Some teasers drop quietly. And then there's Dhurandhar: The Revenge teaser that walks into the internet, knocks over a table, and starts a full-blown fight in the comment section. Within minutes of the teaser landing, timelines were flooded with one phrase again and again: “Chuna laga diya bc.”


Some people were furious. Some people were weirdly impressed. Some people were laughing through the pain. And suddenly this film wasn’t just a movie anymore. It became a moment.



Why the Dhurandhar: The Revenge teaser hit like a betrayal for half the internet



The biggest reason people feel played by Dhurandhar: The Revenge is simple:

The teaser shows something people have already seen.


Fans on X are pointing out that a major clip in the teaser is the same footage that was used in the post-credit scene of the first Dhurandhar film. That discovery sets off the anger.


HRb (@qammander) writes:

“Not at all exciting. Nothing looked fresh from what we already saw in the end credits.”

Another post says the teaser

shows nothing, yet massive hype was created. Fans feel cheated and disappointed by an empty teaser.”


Film critic Siya Oberoi posts:

“Spent 1 minute on the Dhurandhar teaser and regretted it. Ordinary gang war stuff, nothing new. Underwhelming AF.”

The marketing pushes Dhurandhar: The Revenge as a dark, gritty revenge saga.

But the teaser itself opens with the hero walking in slow motion through smoke, the music swelling like a mass-entry scene, with glossy, poster-style shots instead of new story beats. Everything looks clean. Glossy. Controlled.


So when fans feel tricked. It is about being shown old material dressed up as something new. And in today’s internet culture, nothing makes people angrier than feeling tricked.




Why some fans are actually defending Dhurandhar: The Revenge


Here’s the twist, though. Not everyone hated it. A big chunk of viewers are defending Dhurandhar: The Revenge like their life depends on it. And their argument is kind of valid.

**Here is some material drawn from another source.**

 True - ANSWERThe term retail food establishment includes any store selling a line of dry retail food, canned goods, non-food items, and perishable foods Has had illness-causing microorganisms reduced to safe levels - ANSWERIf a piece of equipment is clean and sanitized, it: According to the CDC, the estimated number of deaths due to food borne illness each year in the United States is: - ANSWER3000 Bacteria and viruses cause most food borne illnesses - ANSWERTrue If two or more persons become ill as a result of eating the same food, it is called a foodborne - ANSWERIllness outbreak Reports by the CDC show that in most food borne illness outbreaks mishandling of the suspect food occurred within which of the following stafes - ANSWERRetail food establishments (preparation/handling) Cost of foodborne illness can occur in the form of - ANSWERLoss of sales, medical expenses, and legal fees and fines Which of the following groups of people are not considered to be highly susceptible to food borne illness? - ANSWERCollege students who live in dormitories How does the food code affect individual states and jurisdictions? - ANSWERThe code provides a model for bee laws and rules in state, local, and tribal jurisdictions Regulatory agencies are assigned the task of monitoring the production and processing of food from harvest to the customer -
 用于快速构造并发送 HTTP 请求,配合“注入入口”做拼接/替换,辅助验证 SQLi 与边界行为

They’re saying: “It’s a teaser. Not the movie.” “Why are people acting like they watched the full film?” “At least it looks expensive.”

And honestly? They’re not wrong.

The visuals are sharp. The scale looks big. The lead actor has a presence. There is something exciting hiding in there.


Some fans are even saying the teaser is deliberately misleading, that it’s playing with expectations before dropping something darker in the full trailer.

So now the internet is stuck in this weird place where no one knows whether to be mad or to wait.



The real problem with Dhurandhar: The Revenge is trust, not visuals


Official trailer of Dhurandhar: The Revenge via YouTube

This is where it gets interesting. The backlash around Dhurandhar: The Revenge isn’t really about lighting, editing, or background score. It’s about trust.


Audiences are tired. They’ve been burned by too many trailers that promise depth and deliver surface-level spectacle. They’ve sat through too many “revenge” films that forget the revenge part halfway through.


So when people saw this teaser, their brains went: “Do they have nothing else in the bag?

The reactions are a reflection of people wanting more from the world of Lyari. A glimpse of Hamza taking over the crown after Rehman, his handling of Uzair, and the infamous 8-day gunwar that actually took place.


Give us more Aditya Dhar! That's what the fans are screaming.